Before Imran Khan, the then Prime Minister Nawaz Sharif had paid a visit to Moscow in 1999. On the other hand, no Russian president has visited Pakistan since ages because in 2012 President Putin cancelled his visit to Islamabad and instead sent his foreign minister Sergey Lavrov. However, as things currently stand, what are the prospects of Pakistan-Russia relations in the light of events in Ukraine and to what extent the United States will sustain its efforts to prevent import of oil and gas from Russia?

Chequered history of Pakistan-Soviet relations since the cancellation of visit to Moscow by Pakistan’s first Prime Minister Liaquat Ali khan in 1950 and its joining anti-Soviet U.S led alliances till the collapse of USSR reflected deep rooted mistrust and antagonism reaching its peak during the 1971 India-Pakistan war and the Soviet military intervention in Afghanistan in 1979. A chain of events after the Soviet disunion and the emergence of Russian Federation as a successor state of USSR shaped new dynamics of Pakistan-Russia relations, particularly the role of China in this regard. Even during the Soviet days, there were pleasant phases in Pakistan-Soviet ties when Moscow built Pakistan Steel Mills in Karachi, conducted oil and gas exploration and constructed Gaddu Thermel power plant.

During the reign of President Vladimir Putin, one can notice marked improvement in Pakistan-Russia ties as Moscow’s reservations on Chechnya and Afghanistan were somehow mitigated. According to the reports: “Pakistan and Russia have developed a “new” interest in serving mutual national objectives. Rostec is a state-controlled Russian company that became a stakeholder of the PakStream Gas Pipeline Project (PSGP).

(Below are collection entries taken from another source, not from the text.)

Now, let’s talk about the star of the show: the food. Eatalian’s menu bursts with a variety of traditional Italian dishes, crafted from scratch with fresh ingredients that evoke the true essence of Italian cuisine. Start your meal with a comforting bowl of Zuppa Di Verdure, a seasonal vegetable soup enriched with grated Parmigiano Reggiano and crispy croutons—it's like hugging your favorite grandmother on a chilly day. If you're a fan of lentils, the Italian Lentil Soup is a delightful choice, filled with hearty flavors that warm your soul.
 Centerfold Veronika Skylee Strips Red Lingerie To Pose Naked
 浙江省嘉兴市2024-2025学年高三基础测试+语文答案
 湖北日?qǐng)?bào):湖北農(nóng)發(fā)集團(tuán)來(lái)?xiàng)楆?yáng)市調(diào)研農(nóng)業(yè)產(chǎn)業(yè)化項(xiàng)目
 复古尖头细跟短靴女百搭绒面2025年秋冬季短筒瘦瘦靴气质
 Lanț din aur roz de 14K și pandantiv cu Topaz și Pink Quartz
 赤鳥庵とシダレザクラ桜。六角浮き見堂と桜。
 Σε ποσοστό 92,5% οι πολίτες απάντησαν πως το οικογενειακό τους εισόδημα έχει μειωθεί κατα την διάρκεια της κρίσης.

The 1,100 kilometre PSGP is scheduled to be complete in 2023 and will transport liquefied natural gas (LNG) from terminals in Karachi and Gwadar to Lahore. According to an agreement signed in July 2021, Moscow has given Islamabad a majority stake in the project (74 percent) and pledged to help Pakistan with expertise and funding. The PSGP is one of the largest Russian investments in Pakistan since the Soviet Union assisted in developing the Oil and Gas Development Company and Pakistan Steel Mills in the 1960s and 1970s”.

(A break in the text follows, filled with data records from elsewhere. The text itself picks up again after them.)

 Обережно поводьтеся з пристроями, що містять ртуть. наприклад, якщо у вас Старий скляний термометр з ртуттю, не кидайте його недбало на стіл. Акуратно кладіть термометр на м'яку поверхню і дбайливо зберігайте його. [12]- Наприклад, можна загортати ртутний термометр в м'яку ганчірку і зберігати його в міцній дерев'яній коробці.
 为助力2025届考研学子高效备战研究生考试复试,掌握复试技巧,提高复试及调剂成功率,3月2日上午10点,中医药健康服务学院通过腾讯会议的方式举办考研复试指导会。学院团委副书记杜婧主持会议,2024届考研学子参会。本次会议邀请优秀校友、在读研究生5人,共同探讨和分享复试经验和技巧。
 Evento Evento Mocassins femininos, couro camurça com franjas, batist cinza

Furthermore, Pakistan is deficient in oil, gas and now in wheat, and the best possible option to overcome the shortage crisis is to import such items from Moscow. For instance, Pakistan has a gas shortfall of 1.5 billion cubic feet per day, which is expected to double by 2025. Authorities have estimated that domestic gas supplies will drop from 3.51 bcfd in 2019 to 1.67 bcfd in 2028, necessitating an increase in LNG imports to meet demand. With the signing of a “shareholders’ agreement” in July 2021, Russia and Pakistan have outlined the roadmap for future cooperation, including the construction of a US$2.5 billion (S$3.4 billion) natural gas pipeline in Pakistan. This project, promised in 2019, is a part of a Russian investment package worth of US$14 billion (S$18.7 billion) in Pakistan’s energy sector.

During the visit of the then Prime Minister Imran Khan to Moscow the day when Russia attacked Ukraine, Imran Khan stated: “We went there because we have to import 2 million tonnes of wheat from Russia. Secondly, we have signed agreements with them to import natural gas because Pakistan’s own gas reserves are depleting. Inshallah (God willing), the time will tell that we have had great discussions,” the Pakistani leader said, referring to his three-hour meeting with Putin. He shared no further details. He also remarked about his visit to Moscow that: “What a time I have come, so much excitement,” Pakistani Prime Minister Imran Khan was heard saying at the airport as he arrived in Moscow ahead of a meeting with Russian President Vladimir Putin when Russian forces had attacked Ukraine.